» What is expected: Retype, exactly as written, every line from the one containing "system version information" through the last line of the records below, both included; skip the pictures.

» Data supplied:
━━━━━━━━━━━━━━━━
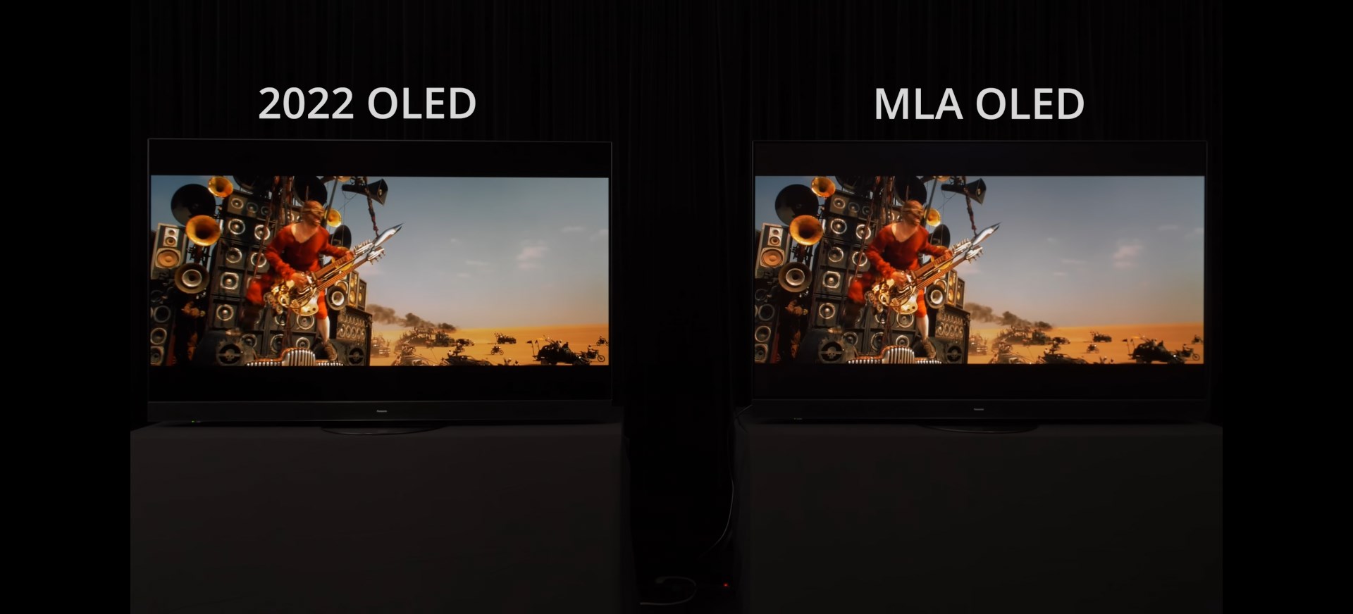 Компания Panasonic также публично признала, что ее флагман 2023 MZ2000 использует технологию MLA. Panasonic продемонстрировала 1500 нит в окне 10%, LG Electronics говорит о 1800 нит, а FlatpanelsHD показал 2100 нит, заявленных для режима яркого изображения LG.
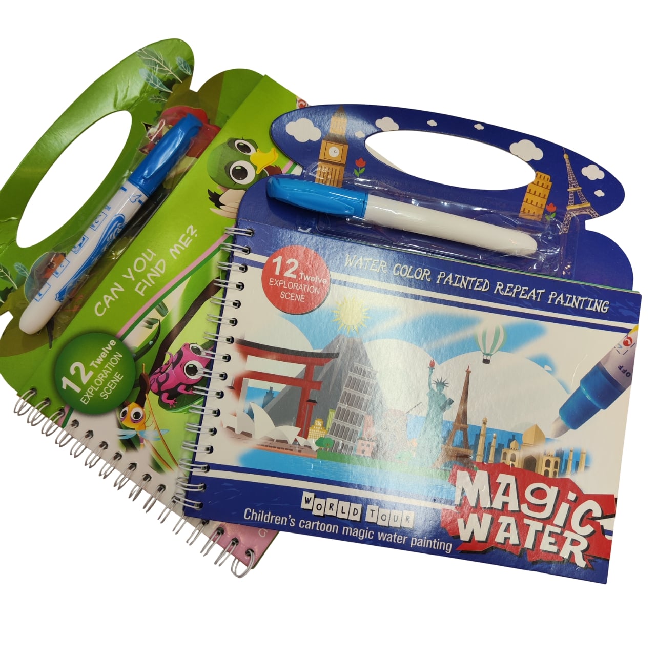 دفتر نقاشی جادویی مجیک واتر یا “Magic Water Book” یک دفتر نقاشی مخصوص کودکان است که بدون نیاز به جوهر، رنگ یا مداد رنگی عمل میکند. تنها کافیست قلم همراه دفتر را با آب پر کرده و روی صفحات بکشید تا تصاویر رنگی ظاهر شوند. پس از مدتی که صفحات خشک شوند، رنگها محو شده و کودک میتواند دوباره نقاشی را تکرار کند. این ویژگی باعث میشود این محصول هم آموزشی باشد و هم کاملاً اقتصادی و قابل استفاده مکرر.روی صفحات بکشید تا تصاویر رنگی ظاهر شوند. پس از مدتی که صفحات خشک شوند، رنگها محو شده و کودک میتواند دوباره نقاشی را تکرار کند. این ویژگی باعث میشود این محصول هم آموزشی باشد و هم کاملاً اقتصادی و قابل استفاده مکرر.
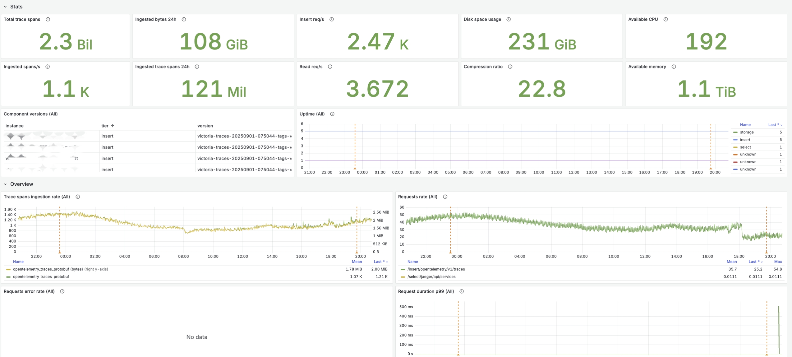 • Stats - High-level metrics including total trace spans, ingestion rates, disk usage, and system version information
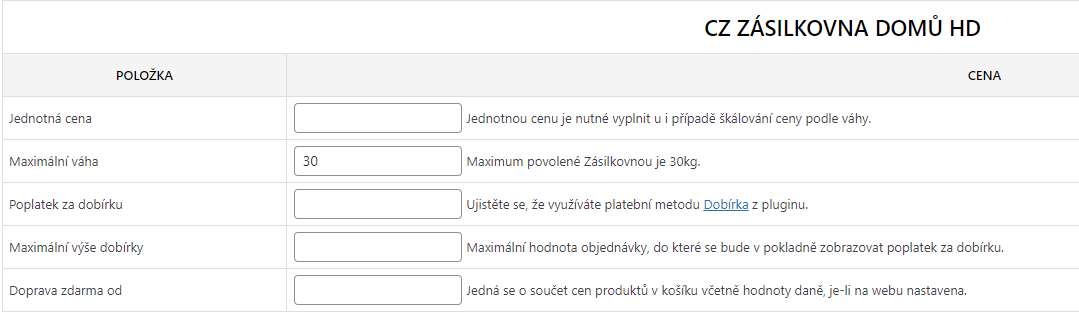 Nastavení dopravy Zásilkovna domů
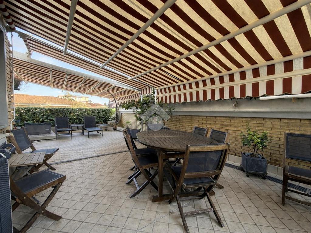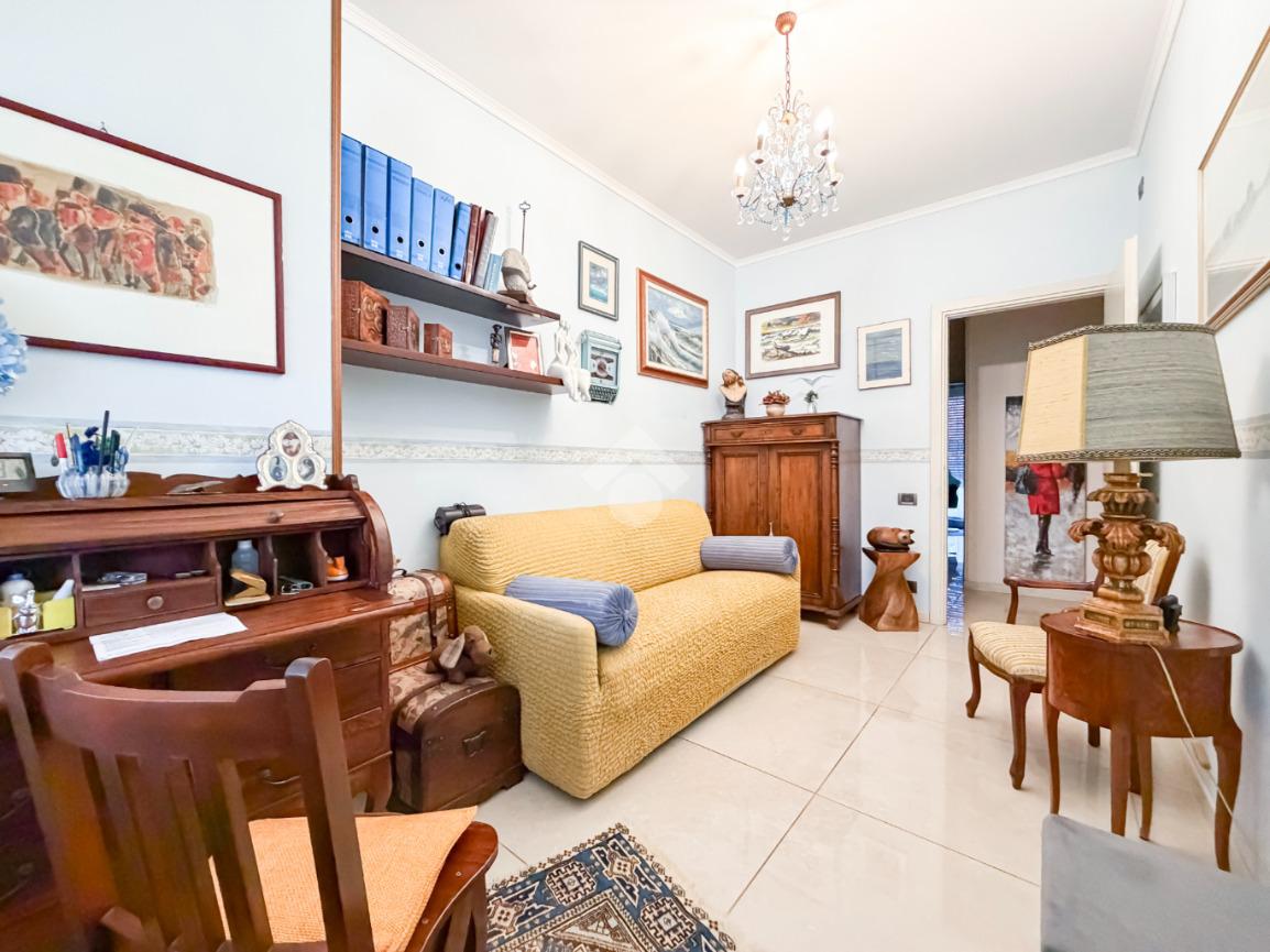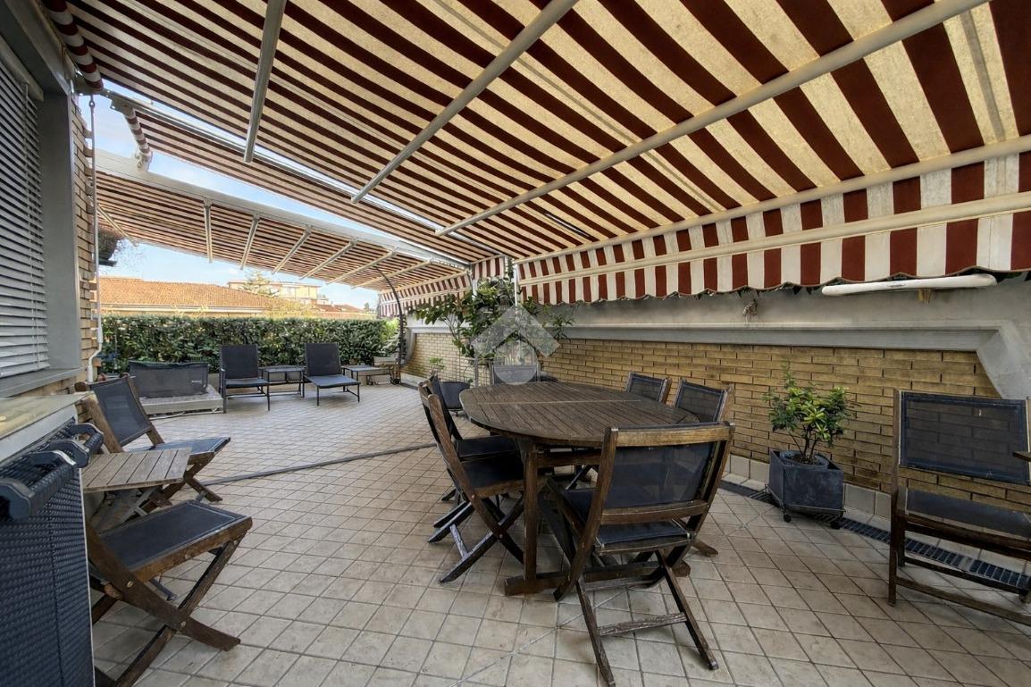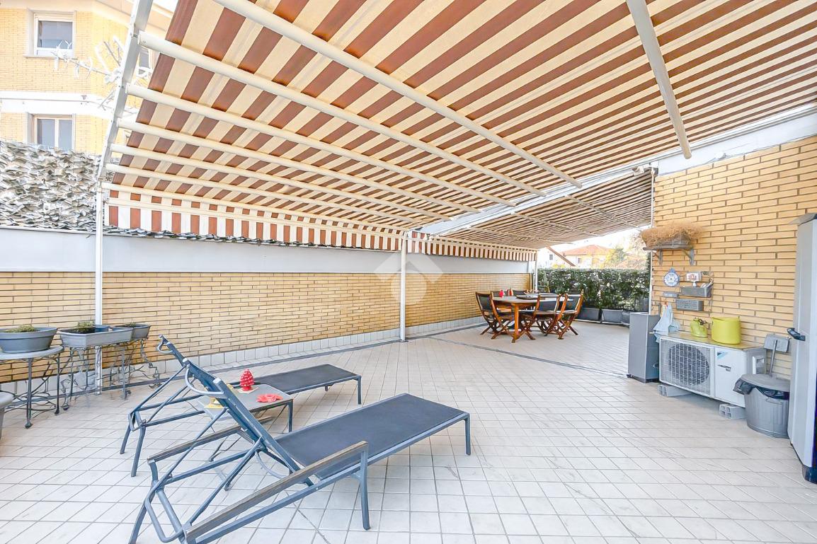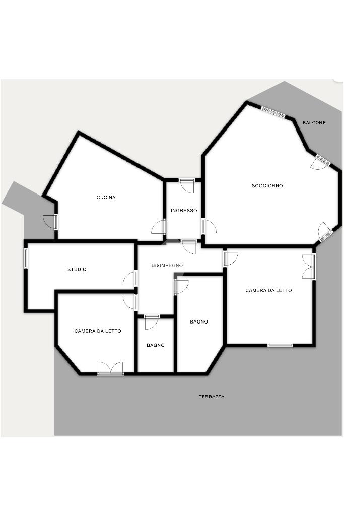 L'immobile, recentemente ristrutturato e di ampie metrature, si presenta con l'ingresso che porta alla zona giorno, composta da un'ampia sala luminosa e la cucina abitabile. Tramite porte-finestre si accede all'ampia terrazza e ai due balconi privati.
━━━━━━━━━━━━━━━━
» Your solution:
 • Stats - High-level metrics including total trace spans, ingestion rates, disk usage, and system version information
 Nastavení dopravy Zásilkovna domů
 L'immobile, recentemente ristrutturato e di ampie metrature, si presenta con l'ingresso che porta alla zona giorno, composta da un'ampia sala luminosa e la cucina abitabile. Tramite porte-finestre si accede all'ampia terrazza e ai due balconi privati.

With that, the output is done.